Bill Curran, student activities and athletic director in Fairfax, said training has improved. “All that said, these are 15-, 16-, 17-year-olds, and we are dependent on their behavior.”
Matthew Ragone, principal at Langley High School in Fairfax, knows how hard it can be to take on tradition.
At Langley, Color Day was so unruly that the CIA director at the time, George J. Tenet, mentioned the tradition in a 2001 commencement address, congratulating graduates for letting the day pass without a food fight.
In 2008, his first year as principal, Ragone said he was shocked by what he saw.
Even before school started, he had to send home dozens of students who were smothered in ketchup, mustard, anchovy paste and shaving cream. “Freshmen were running around scared,” he said.
By day’s end, he was fielding phone calls from parents whose children had been assaulted and had also received an estimate for replacing a local resident’s flagstone walkway, which had been painted in Langley school colors.
It took him three years to turn the event around. Many alumni and parents urged him not to abandon the tradition, and students said it was the most fun day of the year.
Shawn Ghuman, a 2010 Langley graduate, recalled that early on one Color Day, some older girls came to his house and woke him up. They drove him to school, decorated him with red paint and photographed him holding a sign that read “Slave of ’08.”
“It was one of the best days of my life,” he said.
Ragone said he had to teach students that “fun could be had in different ways.”
He invited the student government to plan alternate spirit week events. The group devised a carnival, a powder puff game and a Color Day in which all students would wear the same color.
There were modest improvements. But last fall, Color Day devolved into chaos, with damaged property, minor injuries, and a paint-and-food fight in the cafeteria involving hundreds of students.
Ragone canceled an afternoon pep rally, telling parents in a letter that “it would not be safe to congregate in a large group.”
This fall, he said, contrite students embraced a new start.Most wore the recommended black T-shirts, and fewer than 10 paint-stained teens had to be sent home. Teachers, long frustrated by Color Day antics, got into the spirit and organized a “flash mob,” or surprise dance routine, to entertain the teens.
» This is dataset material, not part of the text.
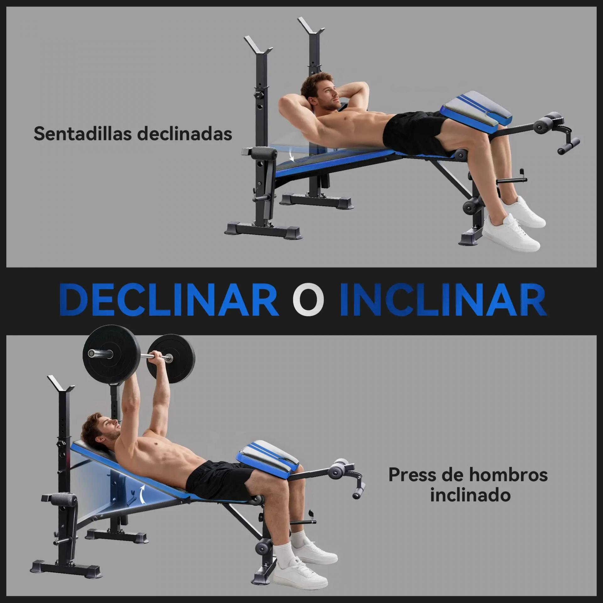 - - CÓMODO Y SEGURO EN CADA MOVIMIENTO: Los rodillos acolchados y los agarres de espuma del banco de pesas ofrecen comodidad en cada repetición. Los pasadores de bloqueo aportan seguridad extra. Perfecto para trabajar brazos, piernas, abdomen, glúteos y más

At B-CC, Weinreich said, he wore black on Color Day as a sophomore and junior to protest hazing. In his senior year, he donned white in solidarity with freshmen. “No one has a right to make you feel unwelcome in your own school,” he said.
During that day’s pep rally, most seniors bounded into the gym in blue and gold. When Weinreich passed the freshmen bleachers, he stopped, pumped his fist and led a cheer for the Class of 2014.